I brought my car into the shop today since it was making a scrapping/grinding noise when making a left turn, sounding a bit like an old van. Turns out that the problem was that the left front rotor was hitting the backing plate (which seems to have the function to hold the parts, but not the caliper, of the disk brake in place, the rotor being the disk part of the disk brake -- ah, it may mostly be the hand-brake drum brake), so for $64.78 the backing plate was adjusted to no longer do this. No sign of any damage to the rotor that I was told about, but we'll see. The part of the backing plate that I think was scrapping against the rotor doesn't look substantial to me and it is unclear to me what its function is, besides being a sort of mud catcher for the rotor.
I suspect the cause of this was the alignment I got when I bought new tires back in early June, something that shouldn't happen.

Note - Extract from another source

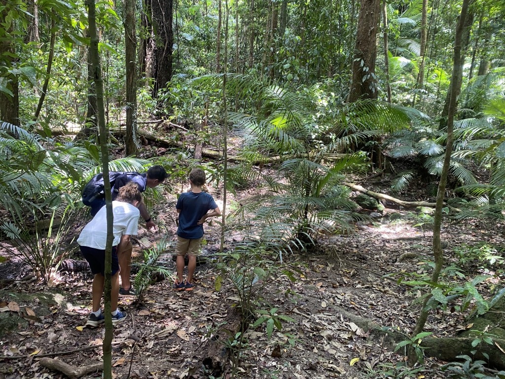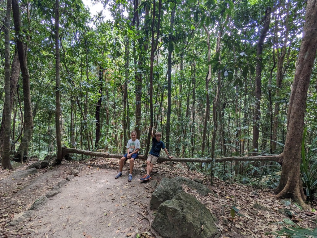Nous avons apprécié les promenades dans la forêt tropicale, Micka et Axel se sont même baignés avec les locaux dans la rivière, sous mon regard inquiet et stressé d’y voir un serpent d’eau ou un crocodile…

So count this against Town Fair Tire in Hamden.
Here's a backing plate behind a rotor on a disk brake (in this case an E39 BMW, also see some nice photos of cutting back the baking plate so it won't scrape the larger rotor for this brake upgrade):
Update #1: having felt the backing plate with my hand, this piece of metal is so insubstantial that there is no way it is going to damage the rotor. The puzzle now is how the backing plate keeps its shape as well as it does in order to not scrape the rotor and make noise all the time. Not too many flying rocks under foot it seems.